▶ _WHAT TO WORK ON_
Within the records that follow, restate exactly the lines from the line with "ご覧いただきありがとうございます! ˖ ࣪⊹" down to the line with "Prediction Error |", including both. Omit the pictures.

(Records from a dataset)
[Start of Attachment]
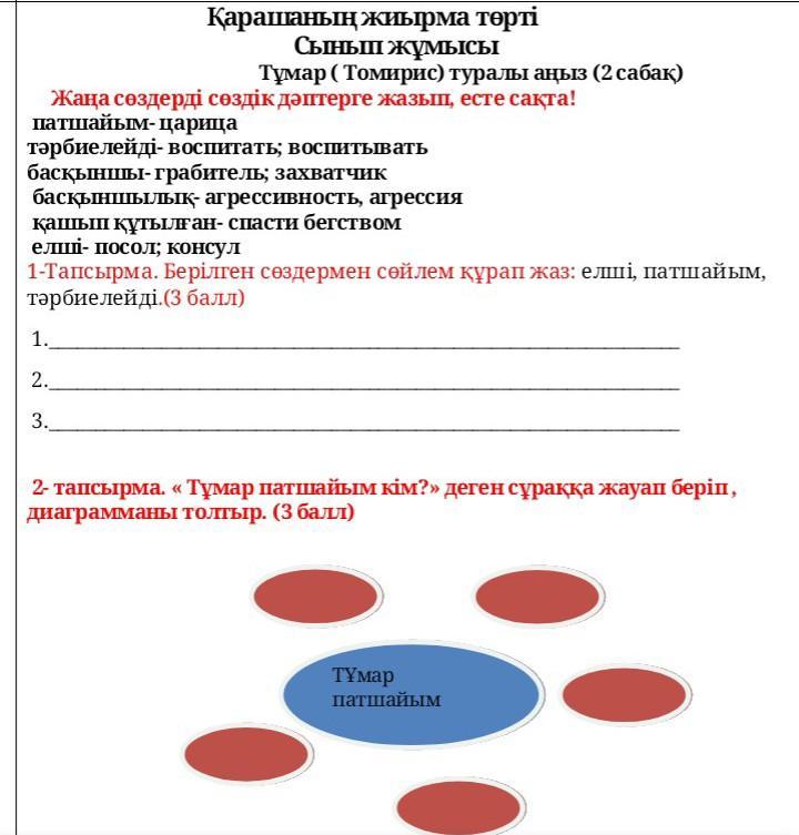 « Тұмар патшайым кім?» деген сұраққа жауап беріп , диаграмманы толтыр.
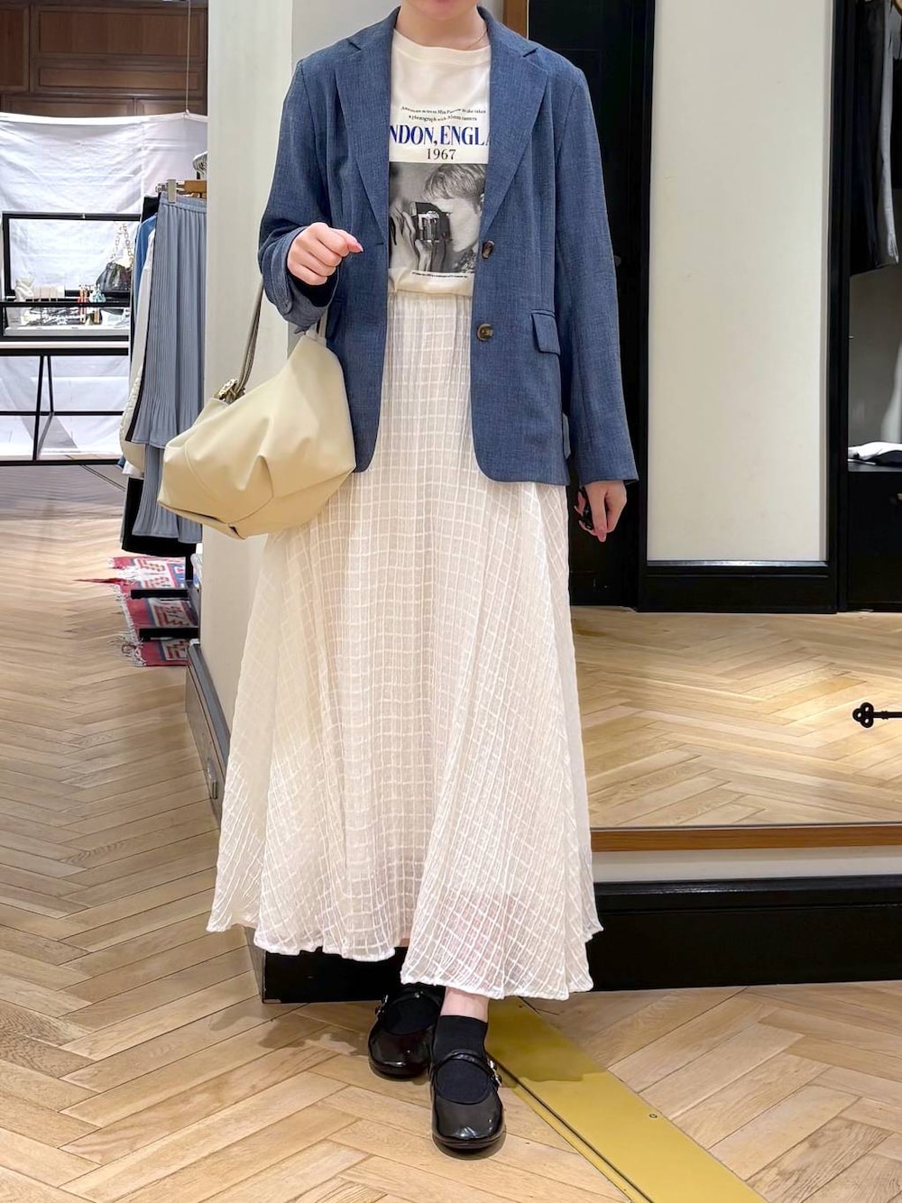 💛各アイテムのおすすめポイント💛  ̄ ̄ ̄ ̄ ̄ ̄ ̄ ̄ ̄ ̄ ̄ ̄ ̄ ̄ ̄ ̄ ̄ ご覧いただきありがとうございます! ˖ ࣪⊹ 自己紹介 ˖ ࣪⊹ 身長 : 162cm ジャケット : Mサイズ Tシャツ : FREEサイズ スカート : Mサイズ 靴 : 38(24.5cm) 【ジャケット】 サイズ展開2サイズご用意しているのでお好きなサイズ感選んでいただけます!🌟 色も3色どれもオシャレ見えする色で、落ち着いたカラーなのでいろんな場面で使っていただけそうです💛 【Tシャツ】 ゆるっとシルエットで身幅も着丈もあるので楽ちんに着ていただけます!!素材も柔らかく肌触りも◎です💛 【パンツ】 なんと言ってもシルエットがきれいでウエストもゴムで楽ちん+腰回りも下っ腹もすっきり気にせず着ていただけます!! カラー展開も豊富なのでお好きなカラー選んでいただけます✨
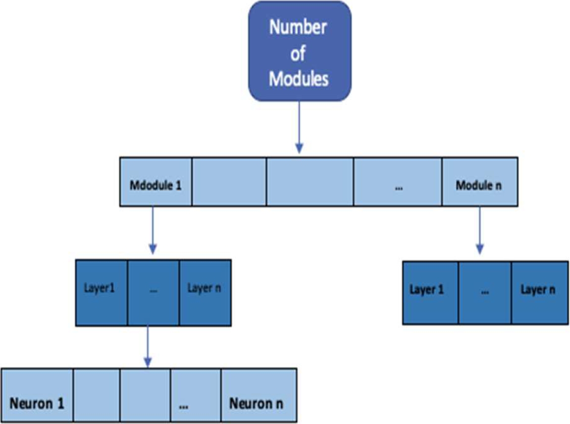 | Evolutions | Gen. | Ind. | Pm | Pc | Num. Modules | Num. Layers | Num. Neurons | Duration | Prediction Error |
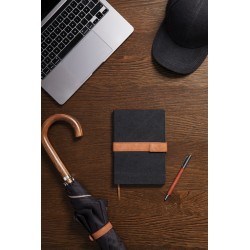 Carnet de notes A5 en papier recyclé avec bande en PU et fermeture magnétique. Le carnet contient 80 feuilles en papier recyclé de 80 g/m² lignées. Fabriqué à partir de 75% de matériaux recyclés certifiés RCS (Recycled Claim Standard). La certification RCS garantit une chaîne d'approvisionnement entièrement certifiée des matériaux recyclés utilisés, soulignant notre engagement envers un approvisionnement responsable. Le contenu recyclé du carnet est basé sur son poids total.
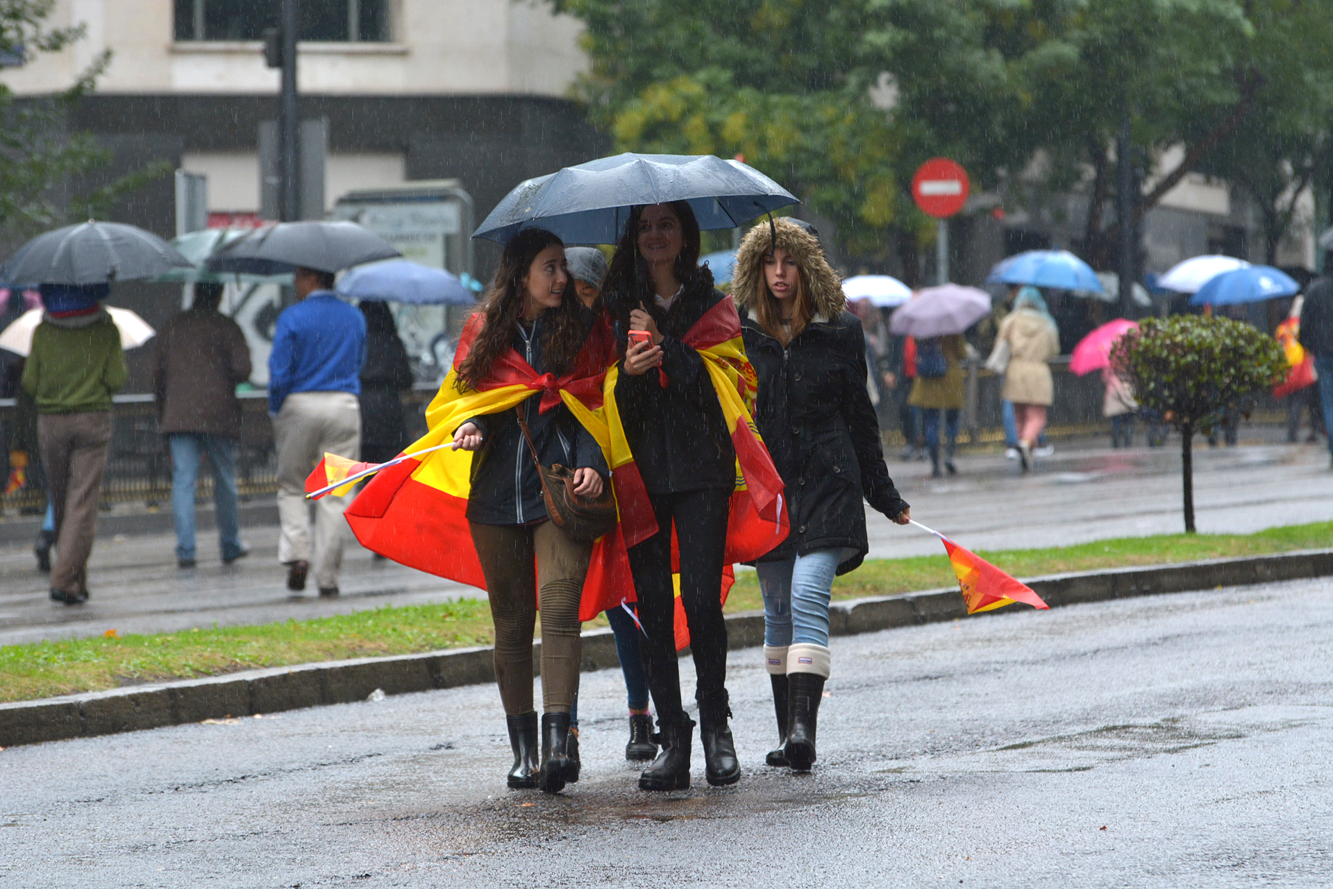 Ambiente festivo y mucha lluvia durante el desfile de las Fuerzas Armadas del 12-O de 2016
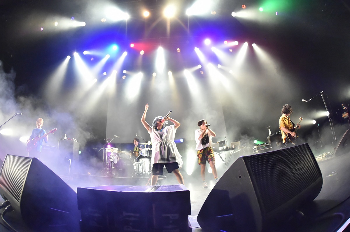 神激の3人が姿を消した後も、ステージはその勢いをキープしたまま和テイストな「ヒメサマスピリッツ」へ。この曲ではバジルが扇子を手に持ち、それを華麗に振ってフロアをアゲて、観客たちをましょ隊のペースへどんどん巻き込んでいく。トランシーなイントロからヘヴィロックへと展開してく「完全無敵のぶっとバスターX」、さらに激しいギターリフにgariのスクリーモ、バジルのクリーンな歌パートのコントラストで魅了していく「願い星」を響かせ、最後はステージを駆け巡りながら「冒険の書1」で楽しく、気持ちよく、盛大に大爆発。トップバッターらしく、フロアいっぱいに熱気を広げたところで次へバトンタッチした。
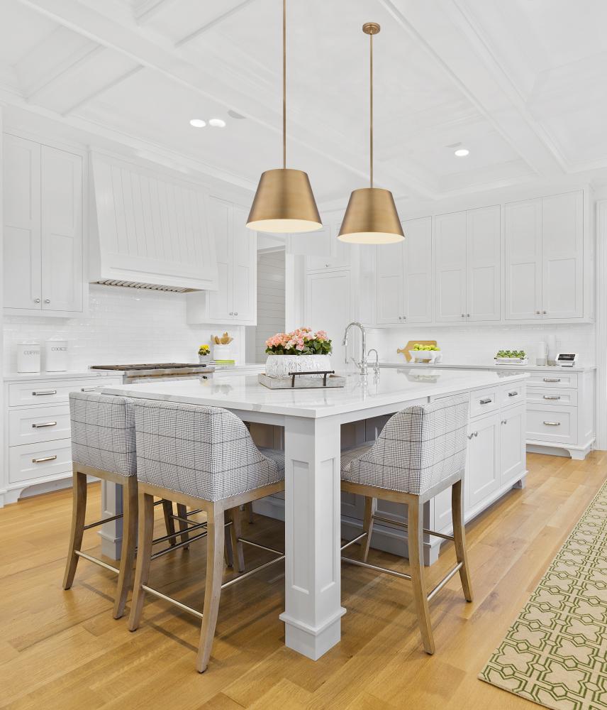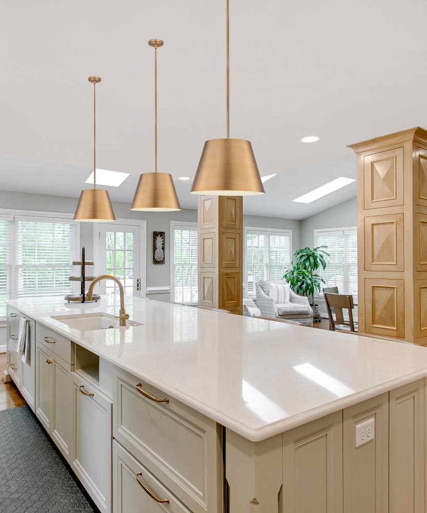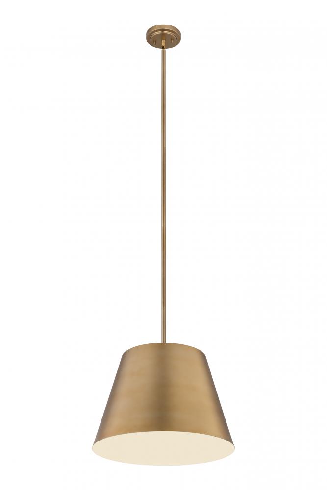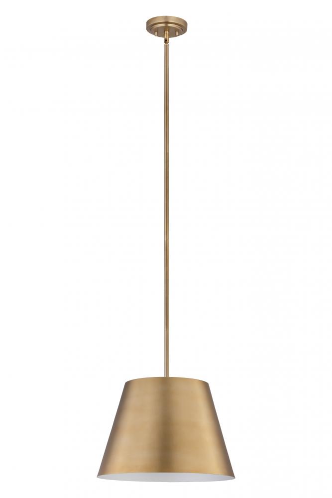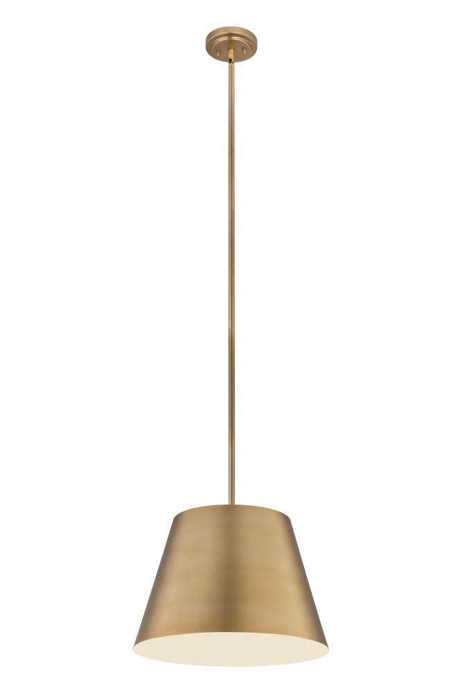 Elevate a modern kitchen or living area with the chic simplicity of this one-light pendant. Its versatile size is complemented with a contemporary empire shade, made from metal with a warm modern gold finish that pairs perfectly with a white interior to ensure bright, diffused illumination.
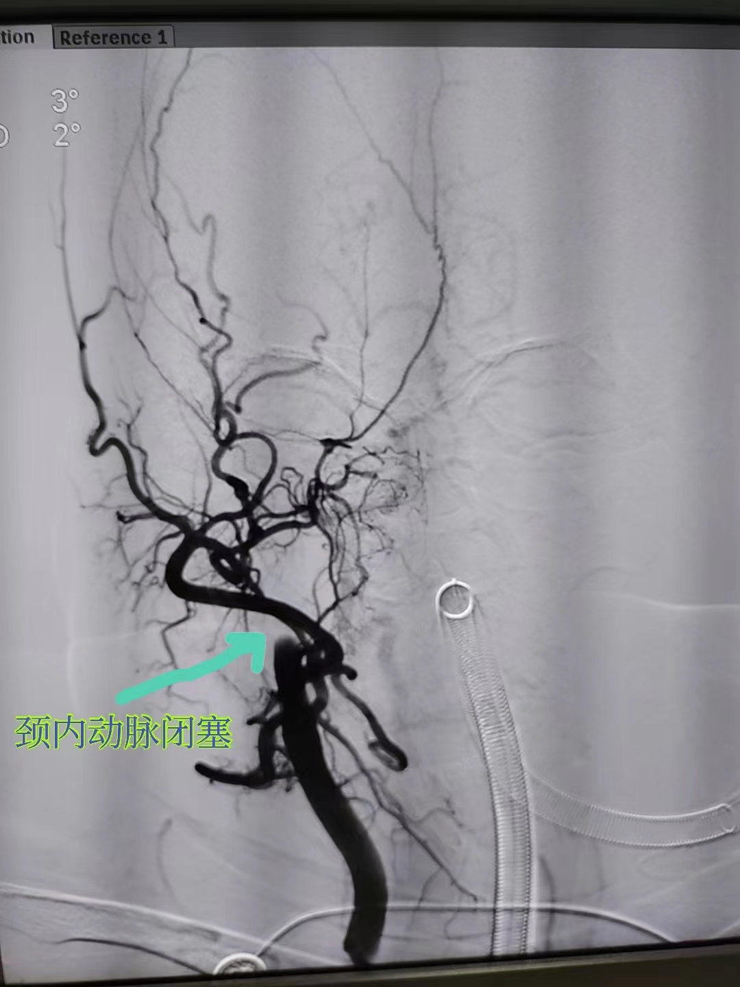 造影发现郑阿姨右侧颈内起始部闭塞
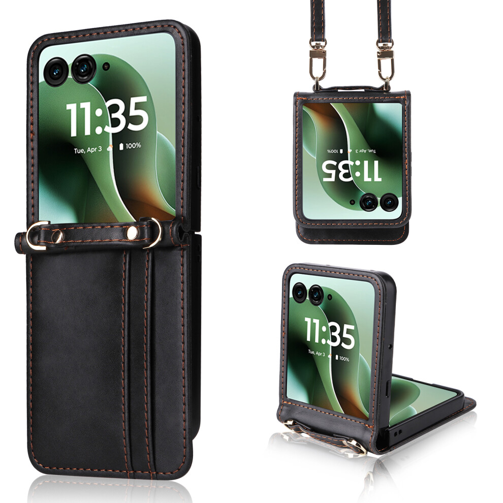 (Black) For Motorola Razr 60 Ultra 5G Razr Ultra 2025 5G Case Card Slots Leather Phone Cover with Lanyard
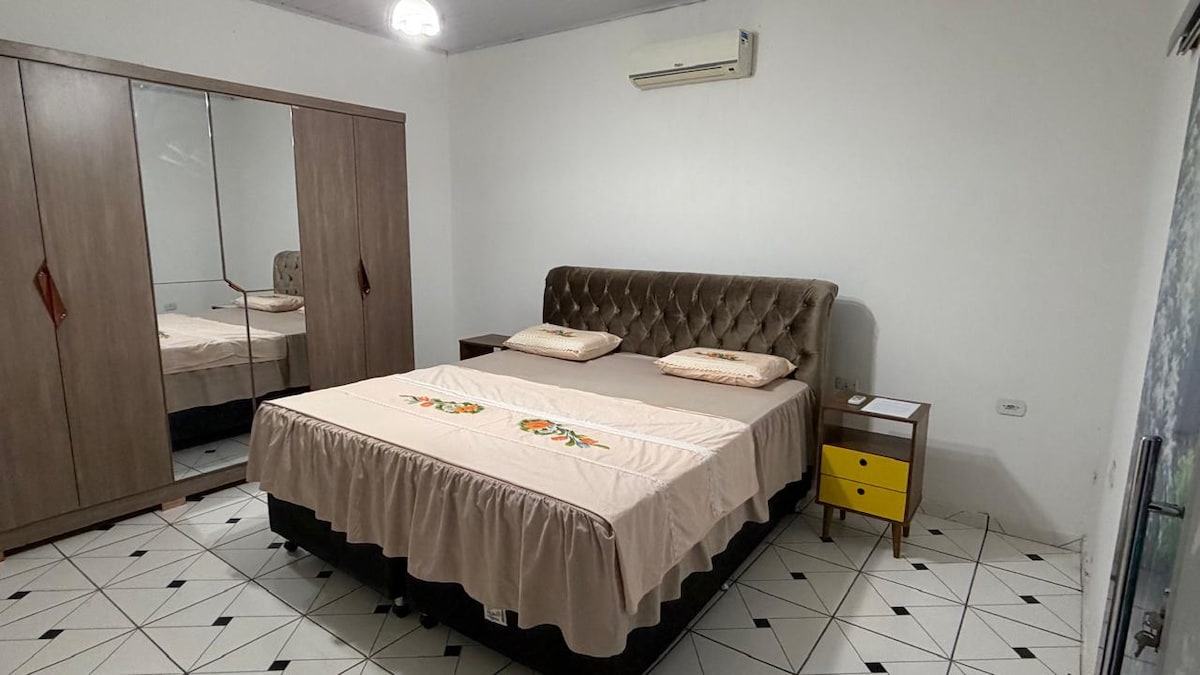 Have fun with the whole family at this simple but very cozy place with plenty of room for fun, safety and tranquility. Grocery store in front, less than 9 km from Balneário 7 Queda. The space is perfect for couples, families (with kids). Appliances, two air-conditioners, barbecue and wood stove in the gourmet area.
[End of Attachment]
▶ _FINISHED TASK_
 💛各アイテムのおすすめポイント💛  ̄ ̄ ̄ ̄ ̄ ̄ ̄ ̄ ̄ ̄ ̄ ̄ ̄ ̄ ̄ ̄ ̄ ご覧いただきありがとうございます! ˖ ࣪⊹ 自己紹介 ˖ ࣪⊹ 身長 : 162cm ジャケット : Mサイズ Tシャツ : FREEサイズ スカート : Mサイズ 靴 : 38(24.5cm) 【ジャケット】 サイズ展開2サイズご用意しているのでお好きなサイズ感選んでいただけます!🌟 色も3色どれもオシャレ見えする色で、落ち着いたカラーなのでいろんな場面で使っていただけそうです💛 【Tシャツ】 ゆるっとシルエットで身幅も着丈もあるので楽ちんに着ていただけます!!素材も柔らかく肌触りも◎です💛 【パンツ】 なんと言ってもシルエットがきれいでウエストもゴムで楽ちん+腰回りも下っ腹もすっきり気にせず着ていただけます!! カラー展開も豊富なのでお好きなカラー選んでいただけます✨
 | Evolutions | Gen. | Ind. | Pm | Pc | Num. Modules | Num. Layers | Num. Neurons | Duration | Prediction Error |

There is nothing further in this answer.